Integrating System Dynamics and Complex-Adaptive Systems Analysis

System dynamics and complex-adaptive systems are two distinct ways of analyzing complicated phenomena. These methods are normally employed by different researchers and considered alternative ways of representing processes. In reality, however, they merge: there is no reason to expect that in a real situation, an interesting or frightening tipping point in behavior will occur as the result only of 1) the interaction of mathematically expressible smooth curves (i.e., the growth rates, delays, feedback loops of system dynamics) or 2) unanticipated emergent behavior at one level (e.g., group) generated by behavior at another level (e.g., individual) in a system of semi-independent, co-evolving substructures displaying self-organization. Real tipping points, the stuff of history, are created by a very confusing combination of causal dynamics displaying features artificially separated by the methodological disciplines of system dynamics and complex-adaptive systems. Not only are the two hardly ever applied to world affairs, they are hardly ever even considered together in a theoretical context.

A simple tipping point results from the intersection of a presumably obvious dominant dynamic and a quite possibly unknown subordinate dynamic trying to push behavior in another direction, e.g., a steady off-shore breeze counteracted by the incoming tide or the growth rate of bacteria counteracted by medicine. Even a simple tipping point will take an observer by surprise if he is unaware of the point where dominance shifts, e.g., the tide becomes stronger than the wind or the death rate becomes faster than the growth rate. Conventional battlefield success in a civil war may be predictable for some period of time as a function of the balance of armaments and the flow of foreign aid only for prediction suddenly to fail as the result of the introduction of a new tactic. The new strategy represents learning, which does not necessarily occur linearly. Factional rivalry within a self-organized insurgency, i.e., an insurgency—such as the Syrian insurgency against Assad—lacking centralized control, may generate sudden leaps of strategic sophistication resulting from the ascendancy of a minor faction with a better plan, and a tipping point may result in the battlefield collapse of the adversary. In this example, one may be able to model mathematically the level of armaments and flow of foreign aid but will at best have only an abstract sense of the likely impact of the shift in strategy. If the shift in strategy provokes behavioral change by bystanders (e.g., initial battlefield successes of ISIS encouraging marginalized Iraqi Sunnis or frustrated global jihadis to join the battle), then the rate at which the tipping point is reached, i.e., the rate at which a new causal dynamic achieves dominance, only accelerates.

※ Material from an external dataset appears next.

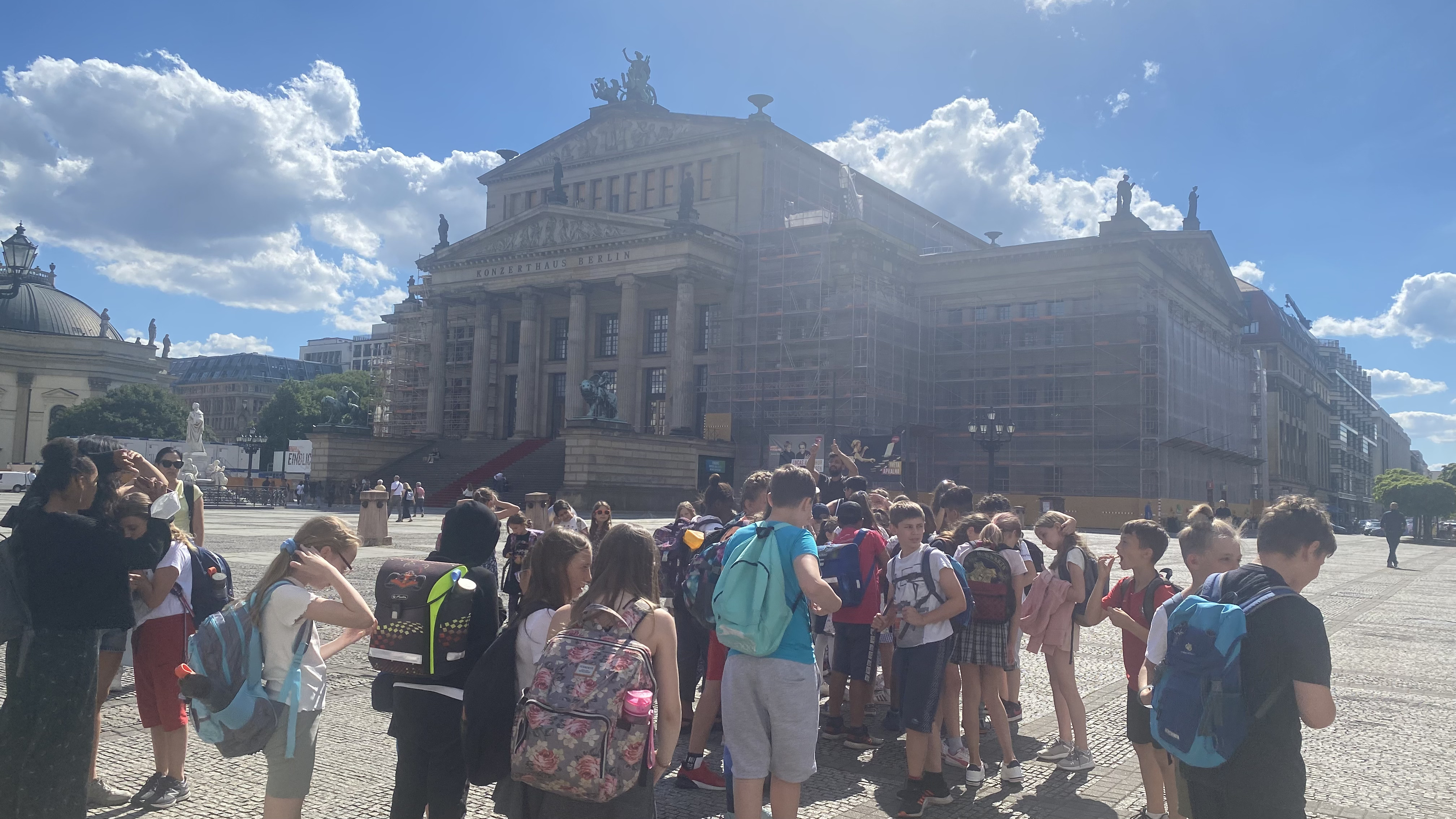 Aus dem Klassenzimmer per Bus an den Gendarmenmarkt – Kinder der Al-Farabi Musikakademie auf dem Weg zur Probe.

The analytical risk lies first in the great temptation to focus on such easily understood and easily graphed factors as weapons, funds, and manpower while ignoring potentially more important factors because their erratic impact is difficult to project forward in time mentally or to display visually. A second area of risk is the difficulty of foreseeing how the impact of other causal dynamics may change in response to the initial shift in dominance, e.g., by provoking a bandwagon effect (exemplified by secular Sunni Iraqis joining ISIS in July 2014) or, in contrast, by provoking a defensive alliance (exemplified by tacit U.S.-Iranian battlefield cooperation against ISIS in September 2014).

Understanding the causal dynamics is the key to dealing effectively with surprise. Unfortunately, the most important of these dynamics, and certainly the most difficult to perceive, are the ones that do not follow smooth paths. Exponential growth and oscillations caused by delays already challenge the cognitive capacity of humans, but the dynamics induced by complex-adaptive systems are far more difficult to understand. The combination explains much about challenge of designing effective foreign policy for no effective approach to assessing the impact of real-world political processes driven by this full mix of causal dynamics has yet been developed.